1. A method to identify a preprocessing algorithm for raw data, the method comprising:
providing an algorithm knowledge database including preprocessing algorithm data and feature set data associated with the preprocessing algorithm data;
analyzing raw data to produce analyzed data;
extracting from the analyzed data features that characterize the data;
selecting a preprocessing algorithm using the algorithm knowledge database and features extracted from the analyzed data.
2. The method of claim 1 wherein the raw data comprises at least member selected from a group consisting of DSP data and IP data.
3. The method of claim 2 wherein:
if the raw data comprises DSP data then the raw data is analyzed using at least one process selected from a group consisting or TFR-space transformation, phase map representation, and detection/clustering, and
if the raw data comprises IP data then the raw data is analyzed using at least one process selected from a group consisting of detection/segmentation and region of interest shape characterization.

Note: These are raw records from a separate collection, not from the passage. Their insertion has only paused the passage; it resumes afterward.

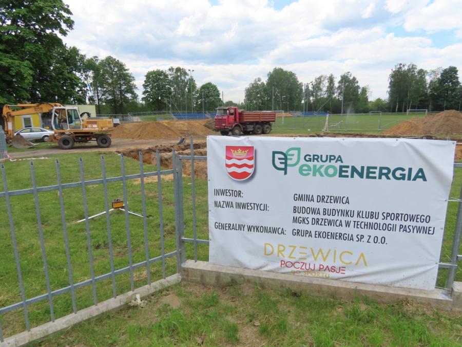 Zadanie pn. „Budowa budynku Miejsko-Gminnego Klubu Sportowego Drzewica w technologii pasywnej” realizowane jest w formule „zaprojektuj i wybuduj”. Rolę głównego wykonawcy pełni wyłoniona na podstawie przetargu Grupa Ekoenergia Sp. z o.o. z Sierakowic Prawych (gm. Skierniewice), która po zaprojektowaniu budynku oraz spełnieniu wszelkich wymogów formalno-prawnych, w tym uzyskaniu pozwolenia na budowę, rozpoczęła prace budowlane.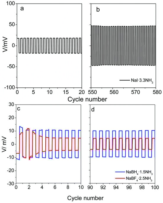 A family of liquid electrolytes attracting considerable interest in recent years is constituted by ionic liquids (ILs). These are pure electrolytes with melting points below 100 °C and preferentially liquid under ambient conditions. ILs are either organic salts or inorganic–organic hybrid salts [35,36]. The nature of the ILs gives them unique properties such as high ionic conductivity, excellent thermal, chemical and electrochemical stability, negligible vapor pressure, and high miscibility with other compounds [37]. This review focuses on these electrolytes. Within this family of electrolytes, particular emphasis is placed on the so-called liquid ammoniates, which are ammonia solvates (of sodium salts in the case under scope) characterized by being stable liquids under ambient conditions. They remain largely unexplored for their application in secondary batteries.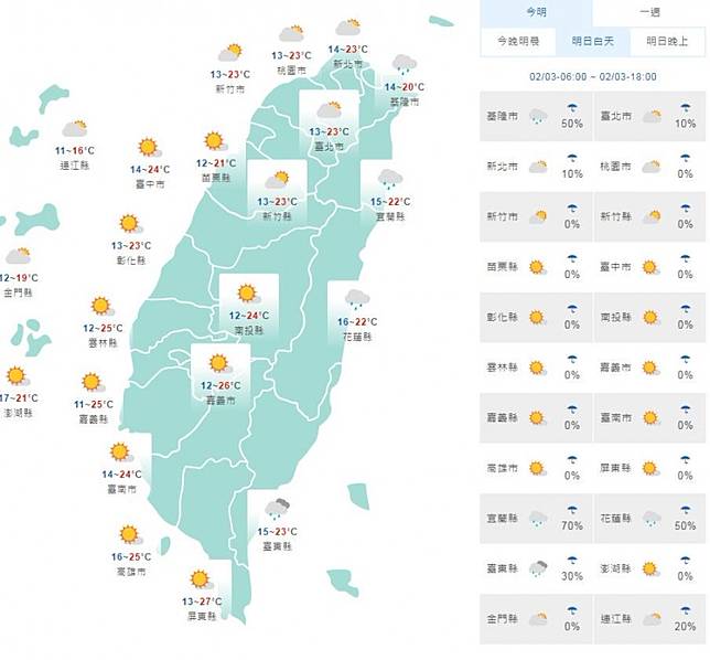 週二、週三東北季風報到,迎風面北部、東半部轉為濕冷,降雨機率提高,尤其週三東北部要留意有局部較大雨勢發生,中南部山區也會有零星雨勢;預報員李孟軒表示,受降雨影響,各地氣溫下滑,低溫約13到15度,北部、東北部白天高溫約16到19度。至於中南部地區則影響不大,但要留意日夜溫差較大,溫差可達10度。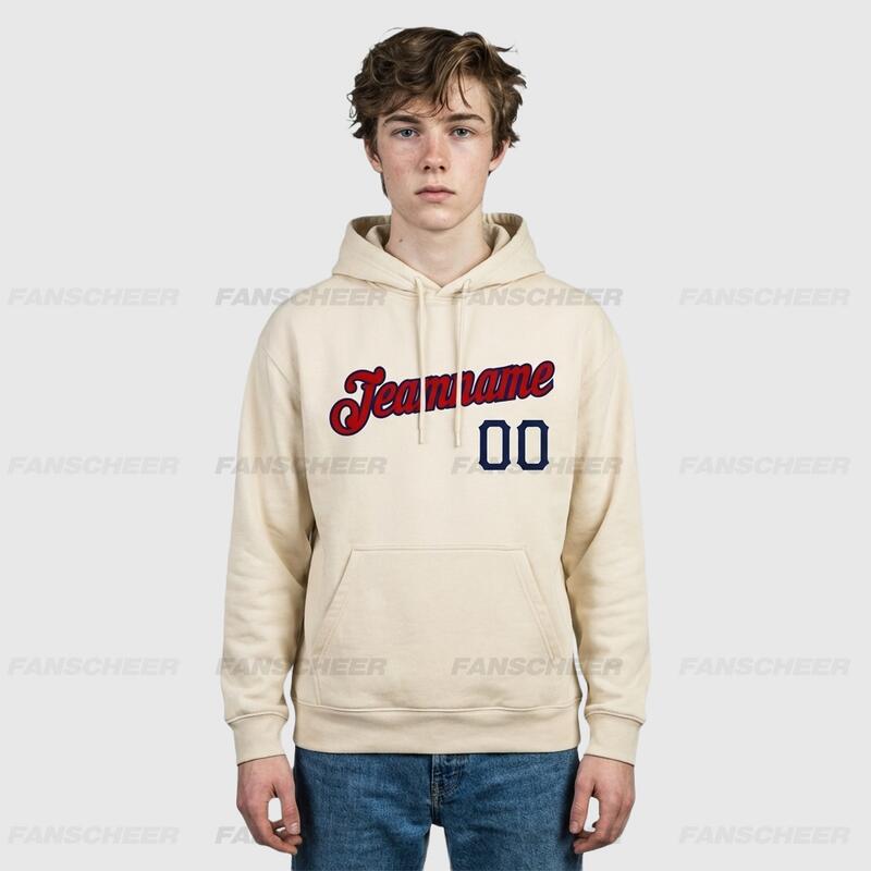 Soft Custom Stitched Cream Sports Pullover Hoodie Comfortable Fabric Custom Team Name & Unique Number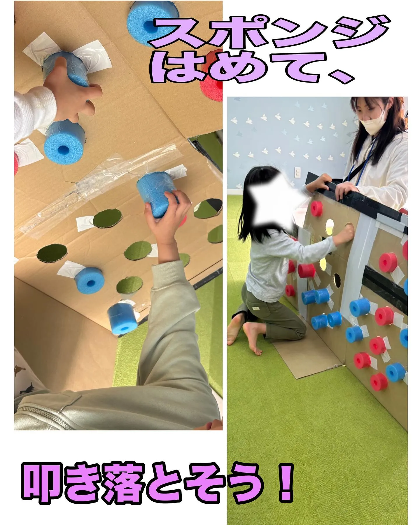ウィズユー富田林向陽台です。 ウィズユー富田林向陽台です。【運動あそびのようす】今日は子どもたちと一緒に、楽しく身体を動かしました!まずは「まるまるパニック」!スポンジボールを穴にはめて…パニックにならずに素早く叩いて…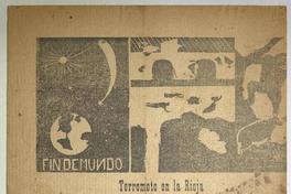 Terremoto en la Rioja / Juan B. Peralta. [Chile] : [Impresor no identificado], [1899?] 1 hoja : ilustraciones ; 54 x 39 cm. .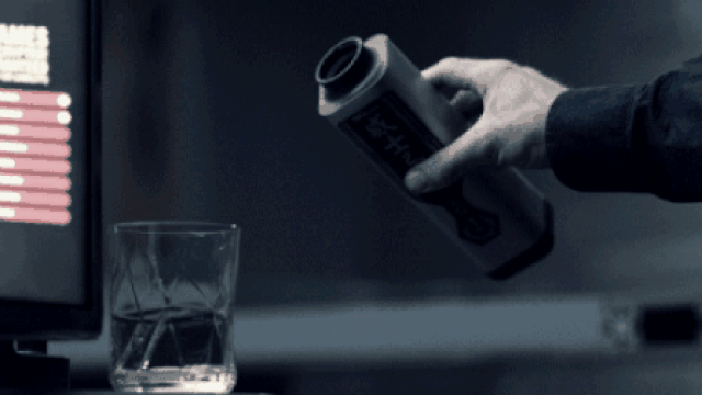 在通過旋轉(zhuǎn)產(chǎn)生模擬重力的小行星上,倒水是這樣: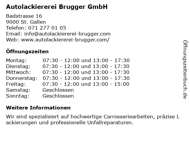 Branchen & Suchbegriffe zu Autolackiererei Brugger GmbH:autolackiererei, autoteile und -zubehör, autowerkstatt, brugger, gerätereparaturdienst, geschäft für autoreifen, oldtimer-händler |
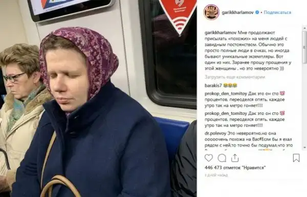 Гарик Харламов в своем Instargramе написал о том, что ему постоянно присылают фотки его "двойников".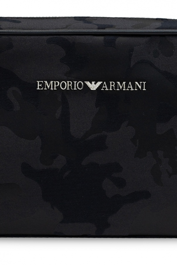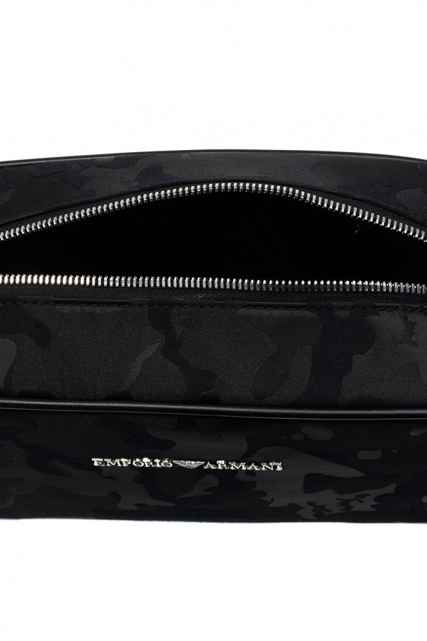 Black wash bag from Emporio Armani. Fastened with a zip, this design features a camo pattern, logo appliqué, adjustable shoulder strap, half-round handle, silver-tone metal hardware and one internal compartment with one slip pocket and one zip pocket.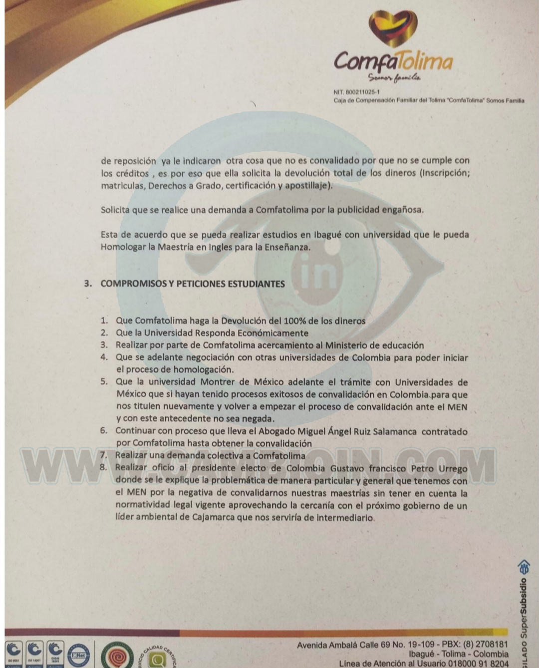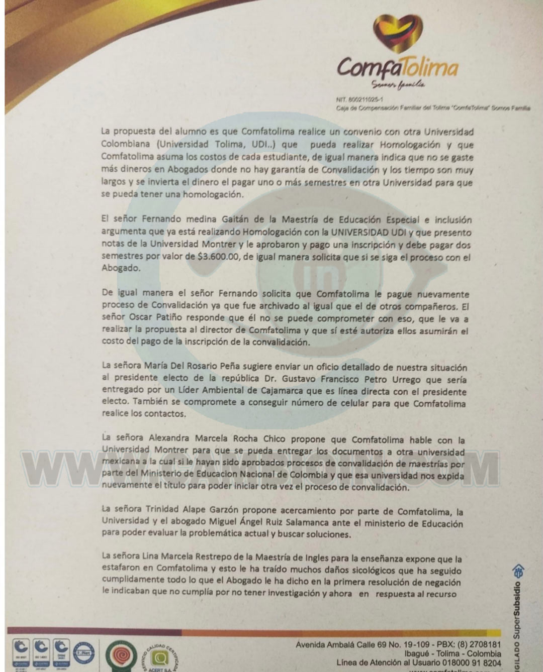 Todas las irregularidades quedaron plasmadas en un acta, que se hizo en hojas que cuentan con sellos de Comfatolima, en uno de los apartes del mismo señala: "Que la responsabilidad Comfatolima ya que al momento de tomar la decisión cada estudiante en hacer una Maestría confió en el respaldo y garantía por ser una caja de Compensación muy prestigiosa en el Tolima, pero que la Universidad Montrer no puede salir a estas alturas que con entregarnos los documentos cumplió porque ellos también son responsables de todo lo que está sucediendo porque en la reunión en Comfatolima donde nos dijeron que las maestrias eran convalidables asistió el rector de la universidad". (acta donde están plasmadas las irregularidades)
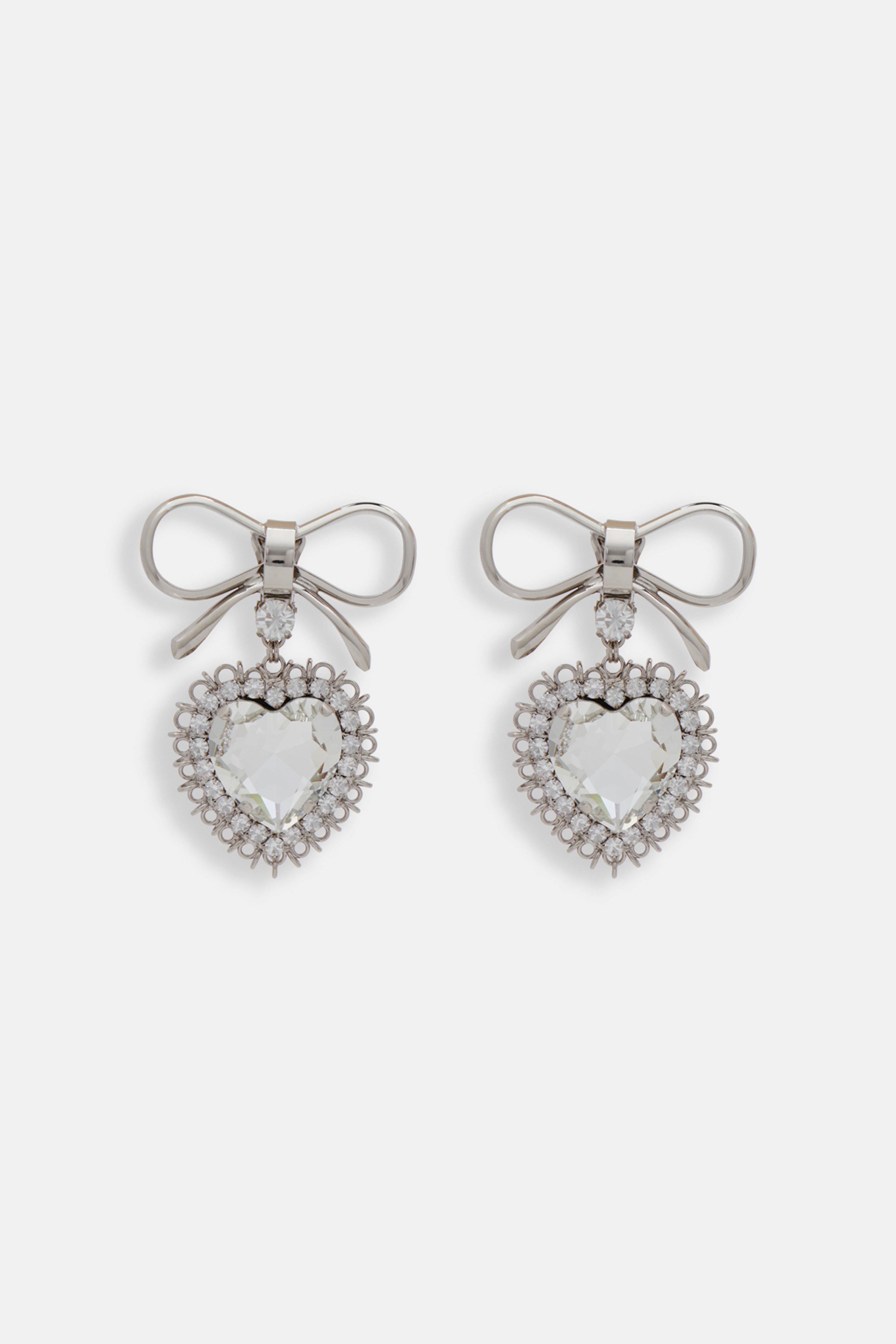 Metal bow earrings with crystal pendant heart Materials 40% hypoallergenic toned brass 60% glass Colour: cry-silver Made in Italy Product code: FABA3257 J0024 0001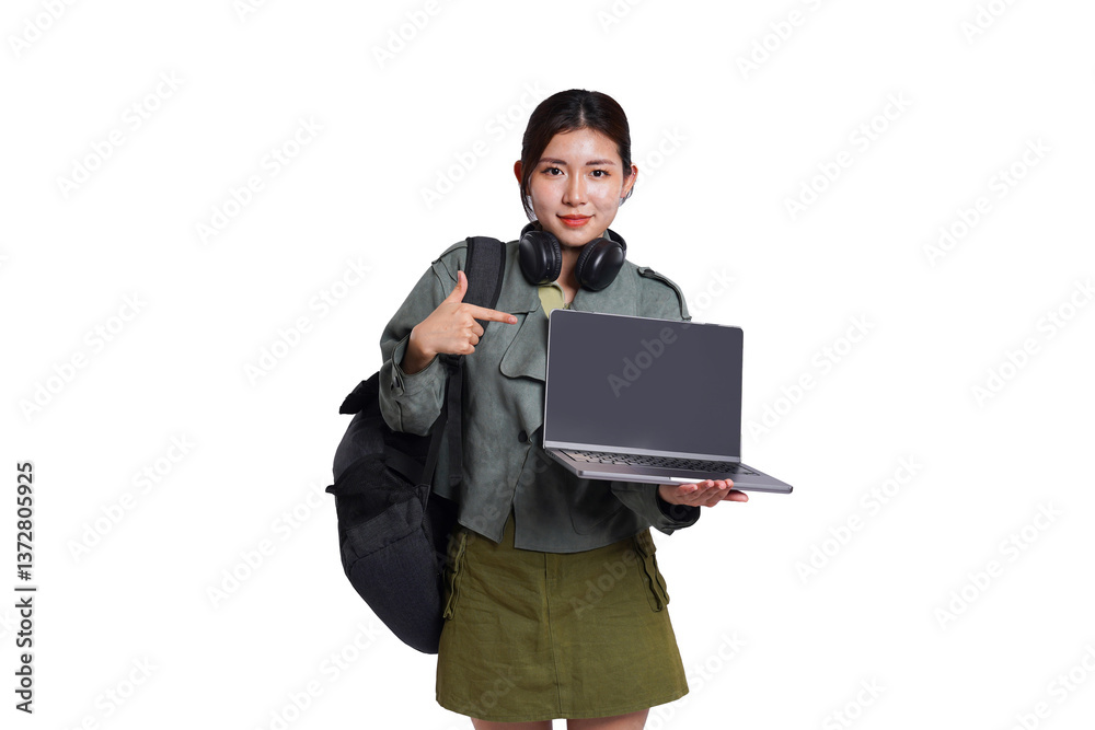 Portrait of Asian female student wearing backpack, headphones, fashionable clothes, holding laptop, posing dynamically on white background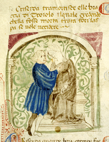 New York, Pierpont Morgan Library, M 371, f. 19v. Il copista del manoscritto, datato ottobre 1414, è Pace di Giuliano da Olibano. Pandaro conferisce con Troiolo; Troiolo si trova da solo.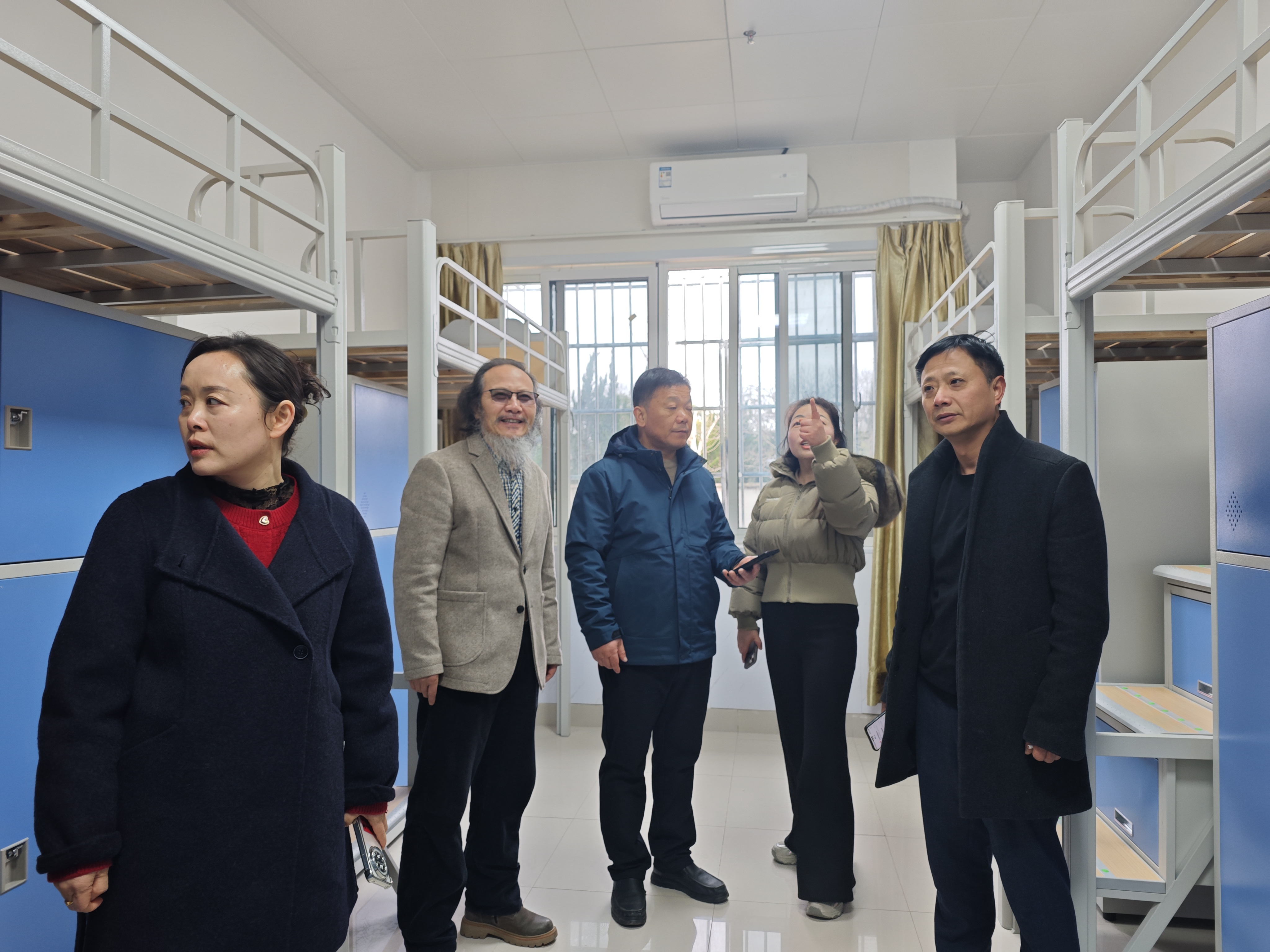 寒假期间,南门宿舍进行了系统的升级改造。领导一行首先对宿舍楼的外部环境进行了巡视,仔细查看了宿舍周围相关情况,包括外墙粉刷、路面修复及绿化更新等情况。随后,领导们走进每一间宿舍,对此次改造的核心项目——包括宿舍床柜更换、电路优化、卫生安全等进行了逐一查验,重点查看了宿舍区的消防通道、灭火器配置以及监控设备的运行情况。检查期间黄腊梅处长仔细查看床铺的稳固性,方福颖院长也向后勤及施工负责人询问工程细节、材料环保标准以及最后的保洁进度。杨静书记和学院学工队伍强调,学生宿舍是学生在校期间的重要生活场所,改造工程的最终目的是提升学生的幸福感和获得感。虽然学生还未返校,但我们的工作标准不能降低,要站在学生的角度去审视每一个细节,用心用情做好服务保障,确保开学时呈现在同学们面前的是一个安全、舒适、温馨的“家园”。
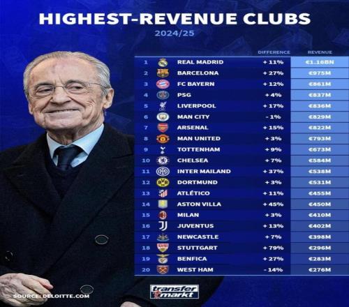 最近德國轉會市場引用德勤的數據,發布了“2024/25賽季收入最高的俱樂部”排名:皇馬以11.6億歐元排第1,巴薩9.75億歐元排第2,拜仁8.61億歐元排第3,巴黎8.37億歐元排第4;緊隨其後的是利物浦第5、曼城第6、阿森納第7、曼聯第8。前幾名把門檻抬得很高,但榜單真正的衝擊點在於——同樣是頂級豪門之間的較量,名次不隻拚戰績,更拚俱樂部把“生意”做多大、做多穩。

4. The method of claim 1 further comprising at least one member selected from a group consisting of
data preparation and
evaluating the selected preprocessing algorithm.
5. The method of claim 4 wherein the data preparation includes at least one member selected from a group consisting of conditioning/preprocessing, constant false alarm rate processing, and adaptive integration.
6. The method of claim 5 wherein the conditioning/preprocessing includes at least one member selected from a group consisting of interpolation, transformation, normalization, hardlimiting outliers, and softlimiting outliers.
7. The method of claim 4 further comprising the step of updating the algorithm knowledge base after evaluating the selected preprocessing algorithm.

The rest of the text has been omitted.